Depending on how you viewed the situation, it suggested one thing, Ashley was either a tough negotiator or cheap. Either way he was the antithesis of his predecessor Freddy Shepherd who regularly bowed to the demands of player agents in a desperate bid to bring home the club’s first domestic silverware since the 1969 Fairs Cup.
Graham Carr, the club’s chief scout, and Chris Hughton both explained that the Tiote deal, much like Ben Arfa’s, was a careful one. The reports conflict slightly but claims they had watched him at Anderlecht, Roda JC and more recently FC Twente, completed the dossier that made those in charge decide he was the right man to give the midfield strength. He also came with a glowing report from former Twente manager Steve McClaren. So when he was offered to those in the Premier League, both Newcastle and West Brom moved to secure him.
Carr also revealed that France is a big market for the club as they are still held in high regard there. He mentioned Tiote’s international colleague Gervinho as one target as well as Kevin Gamiero of Lorient. Nearby neighbours Belgium is also a constant scouting ground with the club represented at the recent Anderlecht vs Genk match, where it’s likely they were watching Jonathan Legear. His suggested price of around €3m fits the club policy and Newcastle are desperate to secure a long term solution to the lack of depth on the right hand side.
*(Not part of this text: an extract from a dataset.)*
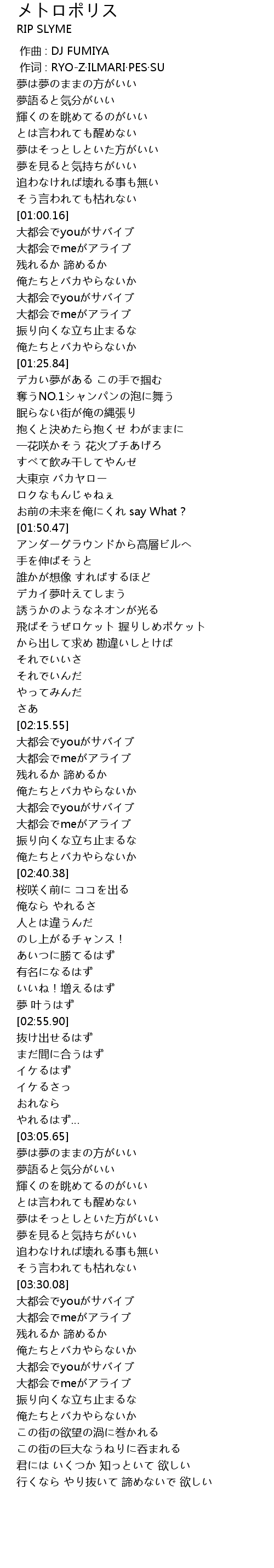 | [03:30.43] | 大都会でyouがサバイブ |

His poor injury record won’t have gone unnoticed and with Newcastle operating a risk assessment type policy, no facet is overlooked. Re-sale value is the new buzzword, and when you consider that some of this season’s players like Danny Simpson and Mike Williamson only cost £1.75m combined, the frugal approach doesn’t seem such a bad idea.
Using a mixture of scouting and asking those within the game, they use all the available resources when identifying targets. Take Leon Best who was recommended by former Arsenal and Republic of Ireland player Liam Brady. Carr also mentioned discussions he had with Sven-Goran Erikksson about Gervinho who won’t be as cheap as many of the recent purchases.
The real problem with this style of transfers is the risk of not always finding quality. The concept of paying peanuts gets you monkeys being the argument of those cynical of the new transfer strategy. There have been failures during Ashley’s tenure. James Perch looks well out of his depth but at £1.5m you’d think the club would recoup a fair portion of that fee. Spanish striker Xisco, however, who cost £6m, makes the mind boggle. An assist against Aston Villa at the start of the season made you think he had a future, all be it in the unorthodox position of right wing. He’s now back at Deportivo on loan from whom he joined Newcastle with his future at the Magpies not looking likely.
Ashley’s history means many will never trust him. That image wasn’t enhanced by the sacking of Chris Hughton who did all that he could and was much loved by the fans. So while the mega fees and star names are unlikely to be joining Newcastle soon, it would appear they want to go a different route. And instead of buying the stars, they want to make them.